For this listing, reproduce the line with "To assign a", the line with "Affiche de style", and the lines between, exactly as they stand. Leave out pictures and all other lines.

Start of ENTRIES SHOWN

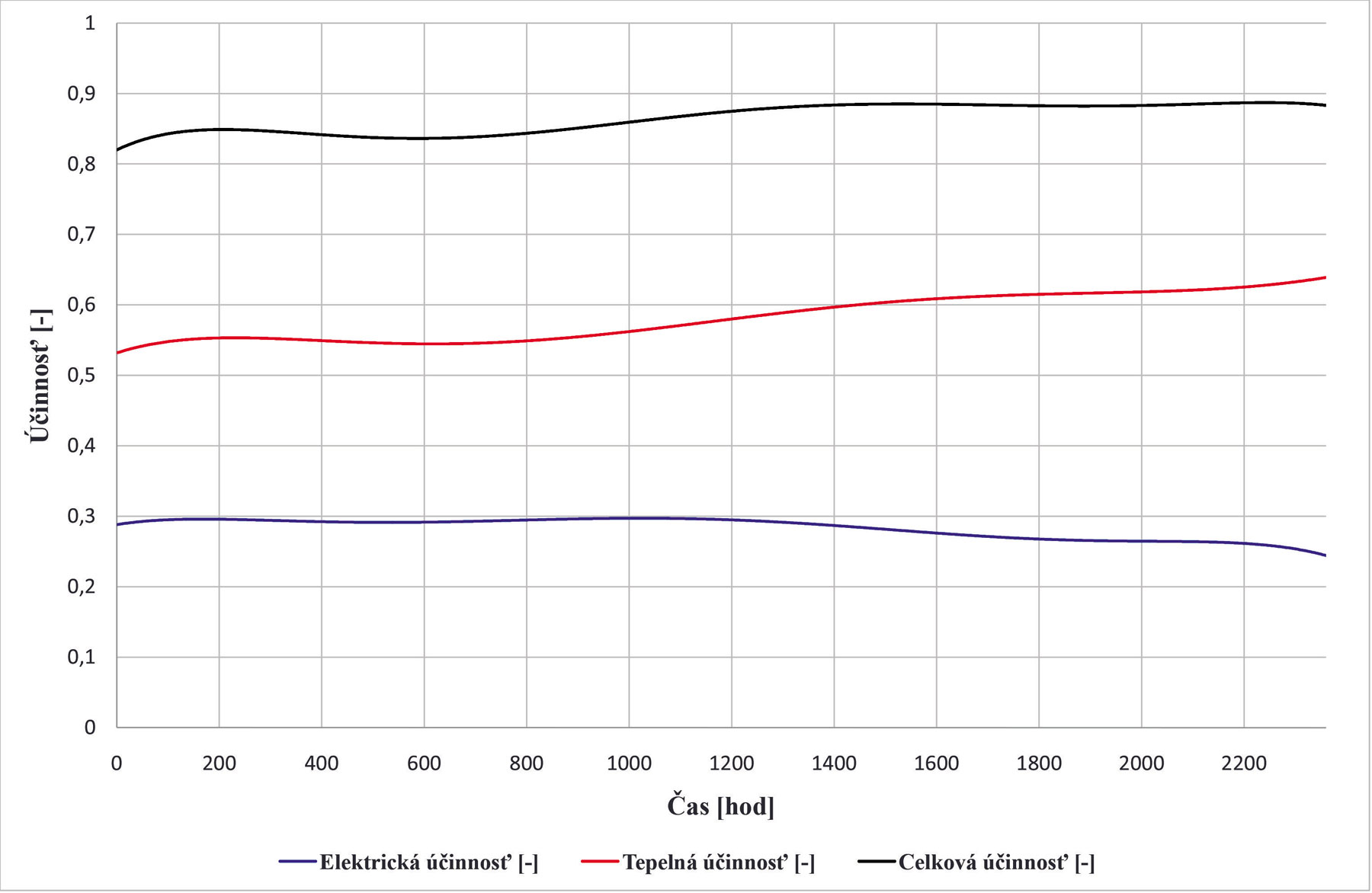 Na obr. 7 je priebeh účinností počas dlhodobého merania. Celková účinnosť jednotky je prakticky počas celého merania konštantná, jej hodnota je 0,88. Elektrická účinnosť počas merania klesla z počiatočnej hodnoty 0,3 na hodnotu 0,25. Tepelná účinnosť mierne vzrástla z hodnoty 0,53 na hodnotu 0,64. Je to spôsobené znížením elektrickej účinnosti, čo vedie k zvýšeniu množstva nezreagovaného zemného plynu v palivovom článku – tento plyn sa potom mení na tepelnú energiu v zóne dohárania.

End of ENTRIES SHOWN
Start of ENTRIES SHOWN

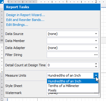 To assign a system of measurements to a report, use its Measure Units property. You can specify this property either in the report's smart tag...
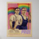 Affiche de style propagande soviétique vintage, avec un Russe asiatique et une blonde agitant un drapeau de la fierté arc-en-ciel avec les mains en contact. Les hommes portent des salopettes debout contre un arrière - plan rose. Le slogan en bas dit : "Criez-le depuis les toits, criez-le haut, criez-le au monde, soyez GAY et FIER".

End of ENTRIES SHOWN
Start of ENTRIES SHOWN

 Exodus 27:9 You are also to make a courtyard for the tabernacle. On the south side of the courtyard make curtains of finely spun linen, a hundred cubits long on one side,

End of ENTRIES SHOWN

RESPONSE TO THIS TASK:
 To assign a system of measurements to a report, use its Measure Units property. You can specify this property either in the report's smart tag...
 Affiche de style propagande soviétique vintage, avec un Russe asiatique et une blonde agitant un drapeau de la fierté arc-en-ciel avec les mains en contact. Les hommes portent des salopettes debout contre un arrière - plan rose. Le slogan en bas dit : "Criez-le depuis les toits, criez-le haut, criez-le au monde, soyez GAY et FIER".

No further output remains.